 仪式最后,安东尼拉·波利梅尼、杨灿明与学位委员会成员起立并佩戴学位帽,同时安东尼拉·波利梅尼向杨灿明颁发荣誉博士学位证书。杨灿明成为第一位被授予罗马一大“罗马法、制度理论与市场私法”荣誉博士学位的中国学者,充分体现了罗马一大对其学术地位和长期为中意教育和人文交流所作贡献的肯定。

...

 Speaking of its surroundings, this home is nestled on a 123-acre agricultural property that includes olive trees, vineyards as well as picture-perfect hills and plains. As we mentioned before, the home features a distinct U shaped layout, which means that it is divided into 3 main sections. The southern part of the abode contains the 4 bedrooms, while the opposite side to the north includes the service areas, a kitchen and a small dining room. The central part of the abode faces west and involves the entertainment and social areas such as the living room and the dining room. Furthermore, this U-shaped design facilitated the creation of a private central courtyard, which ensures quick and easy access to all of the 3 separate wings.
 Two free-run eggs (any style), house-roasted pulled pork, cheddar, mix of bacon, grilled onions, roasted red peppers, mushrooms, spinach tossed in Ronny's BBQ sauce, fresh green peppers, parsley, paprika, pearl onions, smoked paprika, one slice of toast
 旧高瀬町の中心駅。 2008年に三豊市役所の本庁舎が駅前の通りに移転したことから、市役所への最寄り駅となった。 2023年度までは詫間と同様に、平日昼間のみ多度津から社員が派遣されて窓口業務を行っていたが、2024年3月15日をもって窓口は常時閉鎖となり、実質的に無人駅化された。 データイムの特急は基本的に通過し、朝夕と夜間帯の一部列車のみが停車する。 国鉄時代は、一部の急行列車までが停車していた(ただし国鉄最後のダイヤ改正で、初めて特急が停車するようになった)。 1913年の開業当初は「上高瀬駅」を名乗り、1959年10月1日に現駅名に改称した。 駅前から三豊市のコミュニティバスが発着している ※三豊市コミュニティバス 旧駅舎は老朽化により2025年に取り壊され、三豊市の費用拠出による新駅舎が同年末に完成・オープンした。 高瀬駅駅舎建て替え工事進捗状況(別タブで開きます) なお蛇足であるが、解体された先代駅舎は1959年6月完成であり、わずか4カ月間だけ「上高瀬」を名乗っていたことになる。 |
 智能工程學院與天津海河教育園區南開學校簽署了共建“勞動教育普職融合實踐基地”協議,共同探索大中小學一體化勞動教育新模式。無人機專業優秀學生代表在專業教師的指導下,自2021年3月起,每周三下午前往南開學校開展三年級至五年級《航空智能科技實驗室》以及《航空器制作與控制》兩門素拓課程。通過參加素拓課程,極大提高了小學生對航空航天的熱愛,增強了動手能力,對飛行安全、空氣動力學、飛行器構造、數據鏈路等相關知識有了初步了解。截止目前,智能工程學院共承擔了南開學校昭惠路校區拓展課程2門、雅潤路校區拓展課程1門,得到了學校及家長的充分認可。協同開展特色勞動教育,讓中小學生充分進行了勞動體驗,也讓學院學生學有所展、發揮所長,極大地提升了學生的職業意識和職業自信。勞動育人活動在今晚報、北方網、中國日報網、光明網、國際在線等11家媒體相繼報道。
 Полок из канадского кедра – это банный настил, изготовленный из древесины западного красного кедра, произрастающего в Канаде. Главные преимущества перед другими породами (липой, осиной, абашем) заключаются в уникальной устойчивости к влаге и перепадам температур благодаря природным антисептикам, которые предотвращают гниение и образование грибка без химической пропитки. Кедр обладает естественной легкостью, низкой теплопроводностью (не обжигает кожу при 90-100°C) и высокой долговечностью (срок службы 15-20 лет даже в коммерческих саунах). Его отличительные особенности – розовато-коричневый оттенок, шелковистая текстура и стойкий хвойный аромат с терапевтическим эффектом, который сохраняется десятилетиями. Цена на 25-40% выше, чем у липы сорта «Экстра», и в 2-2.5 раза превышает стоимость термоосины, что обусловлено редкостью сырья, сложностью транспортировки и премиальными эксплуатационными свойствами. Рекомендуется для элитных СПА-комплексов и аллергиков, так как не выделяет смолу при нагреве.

[What needs to be done]
From the data above, output exactly the lines between the one containing "Speaking of its" and the one containing "Two free-run eggs", counting both of them.

[Written reply]
 Speaking of its surroundings, this home is nestled on a 123-acre agricultural property that includes olive trees, vineyards as well as picture-perfect hills and plains. As we mentioned before, the home features a distinct U shaped layout, which means that it is divided into 3 main sections. The southern part of the abode contains the 4 bedrooms, while the opposite side to the north includes the service areas, a kitchen and a small dining room. The central part of the abode faces west and involves the entertainment and social areas such as the living room and the dining room. Furthermore, this U-shaped design facilitated the creation of a private central courtyard, which ensures quick and easy access to all of the 3 separate wings.
 Two free-run eggs (any style), house-roasted pulled pork, cheddar, mix of bacon, grilled onions, roasted red peppers, mushrooms, spinach tossed in Ronny's BBQ sauce, fresh green peppers, parsley, paprika, pearl onions, smoked paprika, one slice of toast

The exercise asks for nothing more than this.